Le vin sans alcool est en train de devenir une tendance réelle, y compris autour du Val de Loire, portée par des innovations locales et des investissements industriels.Jérôme Cuny, l’organisateur du salon du sans alcool Les Découvertes Parallèles, a le sourire. Et pour cause : la deuxième édition de son événement nantais, qui vient de fermer ses portes, témoigne d'un basculement majeur dans les habitudes de consommation. Alors que la première édition en 2025 faisait figure de « galop d'essai » avec 300 curieux, ce cru 2026 a vu sa fréquentation exploser pour atteindre plus de 1 000 visiteurs sur deux jours. Dans les allées du salon, quinze exposants ont présenté 85 références, confirmant que le « NoLow » (No alcohol, Low alcohol) n’est plus une simple mode éphémère mais un véritable « acte de consommation ».
L'essor des cavistes spécialisés
Le succès du salon nantais s'appuie sur un nouveau maillage de distribution : les cavistes de boissons sans alcool. À l'instar de La Cave Parallèle, ouverte par Jérôme Cuny et située au pied de la grue jaune à Nantes, ces boutiques d'un nouveau genre fleurissent dans les métropoles françaises. Selon les estimations du gérant, on dénombre désormais près de 40 cavistes spécialisés dans le sans alcool sur l'ensemble du territoire national.
Sa boutique affiche quant à elle plus de 500 références, dont 150 rien que pour le vin. « Contrairement aux idées reçues, c'est le vin qui marche le mieux chez nous, devant la bière, tant en termes de curiosité que de chiffre d'affaires », confie Jérôme Cuny.

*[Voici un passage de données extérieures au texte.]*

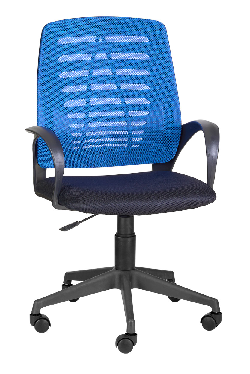 Кресло на колесах Флеш Рондо обивка ткань-сетка синее, подлокотники пластик, крестовина пластик, механизм профи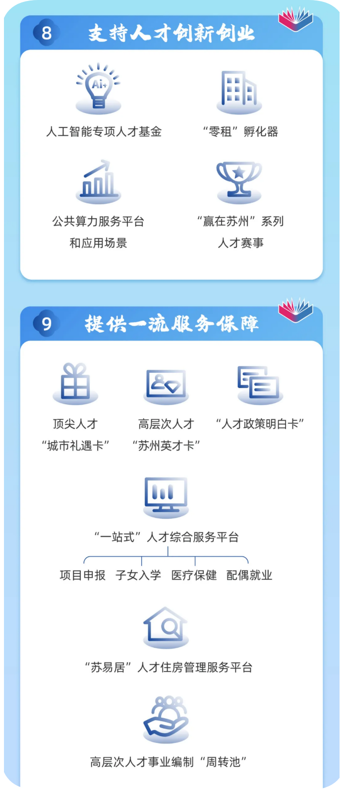 人才憑卡享受醫(yī)療保健、子女教育、園林游覽、交通出行、科技文獻、金融服務等專屬定制服務。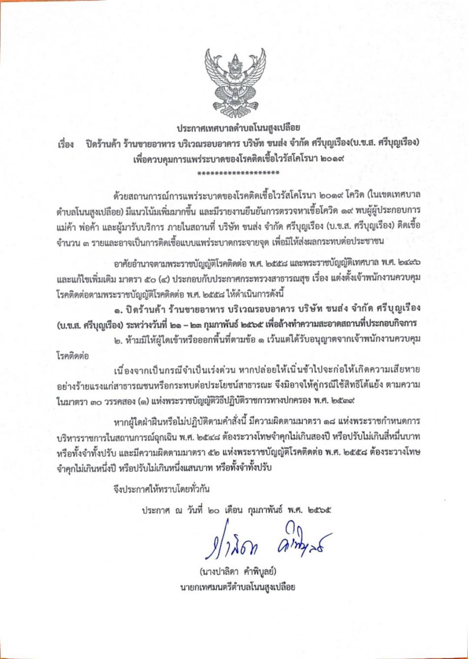 ประกาศปิดร้านค้า ร้านขายอาหาร บริเวณรอบอาคาร บริษัท ขนส่ง จำกัด ศรีบุญเรือง (บ.ข.ส.ศรีบุญเรือง) เพื่อควบคุมการแพร่ระบาดของโรคติดเชื้อไวรัสโคโรนา 2019 [21 กุมภาพันธ์ 2565]
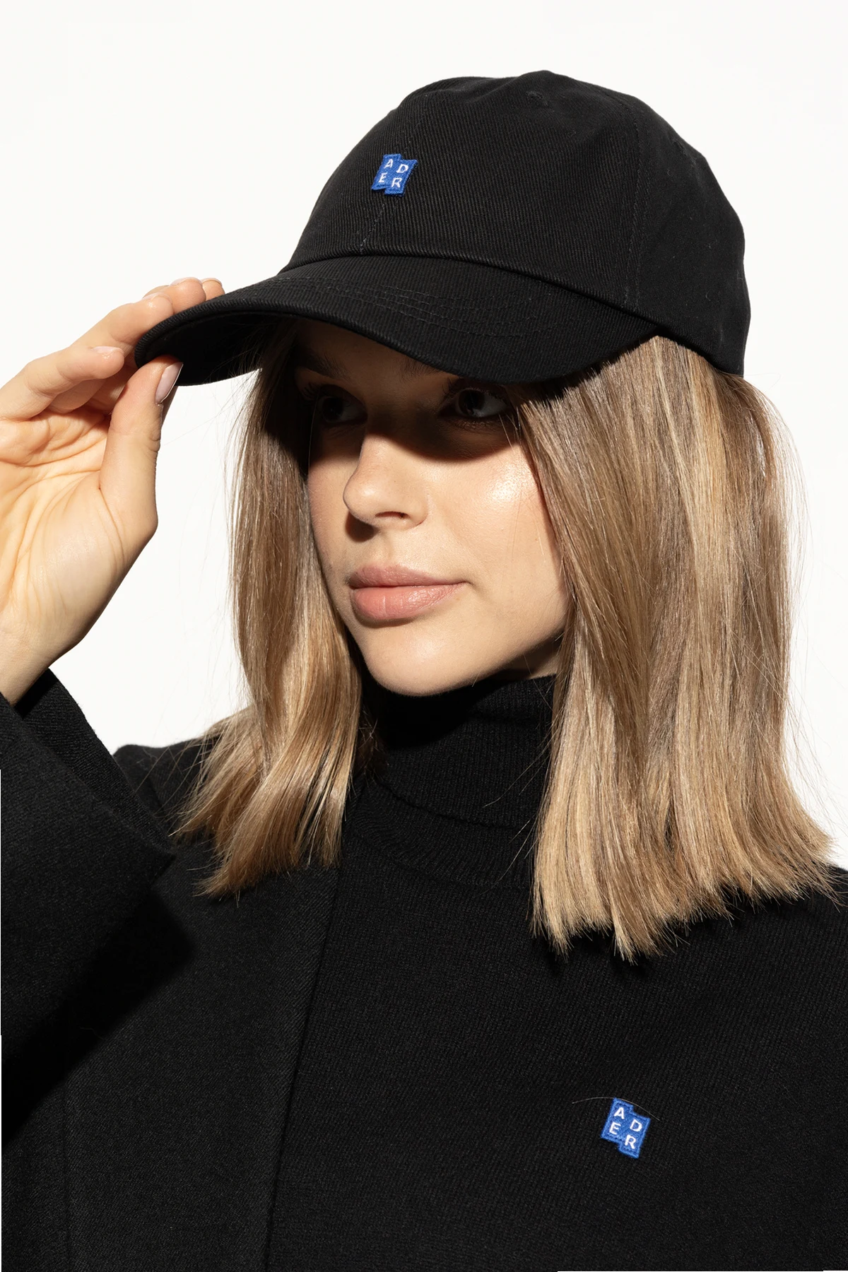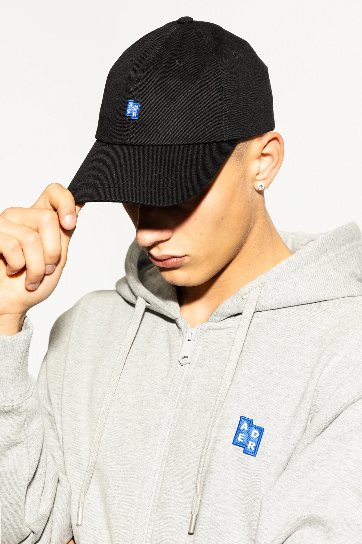 Charakterystycznym elementem jest małe, kwadratowe logo w kolorze niebieskim z białymi literami "ADER" umieszczone na przodzie. Czapka posiada klasyczny kształt z lekko wygiętym daszkiem, który dodaje jej uniwersalnego charakteru.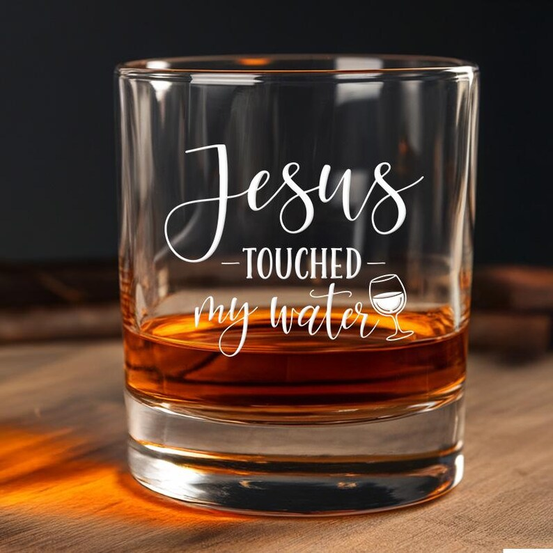 Jesus Touched My Water Whiskey Glass | Engraved Whiskey Glass | Best Gift For Friend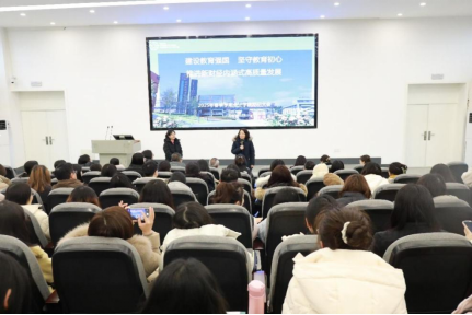 陈真子介绍了学院的基本情况,也对会计学院形成的“会计+”“新技术+”新财经人才培养生态的多年实践和不断拓展的蓝图进行了详细解读。随后,她结合对纲要的解读和人工智能技术引发的教育变革的思考,就“高质量、教育家精神、教育生态重塑、人性护城河”四个关键词,从教育、教学、教师三个维度进行了思考,以此对学院的工作提出新的思考和要求。

Depuis la première ouverture en 2003, l’enseigne poursuit son développement en licence de marque. Le caviste 100 % sans alcool a ouvert une septième boutique à Nîmes en novembre 2025. Et, face à l'engouement de ce marché de niche qui représente 3,5 % du marché mondial de l'alcool, le dirigeant passe à la vitesse supérieure. Alors qu'il visait initialement l'ouverture de dix boutiques à l'horizon fin 2027, Jérôme Cuny ambitionne désormais d'atteindre cet objectif dès la fin de l'année 2026. Sa stratégie de développement est claire : mailler le territoire national en ciblant des villes moyennes d'environ 60 000 habitants, à l'instar de Nancy, Perpignan ou Orléans.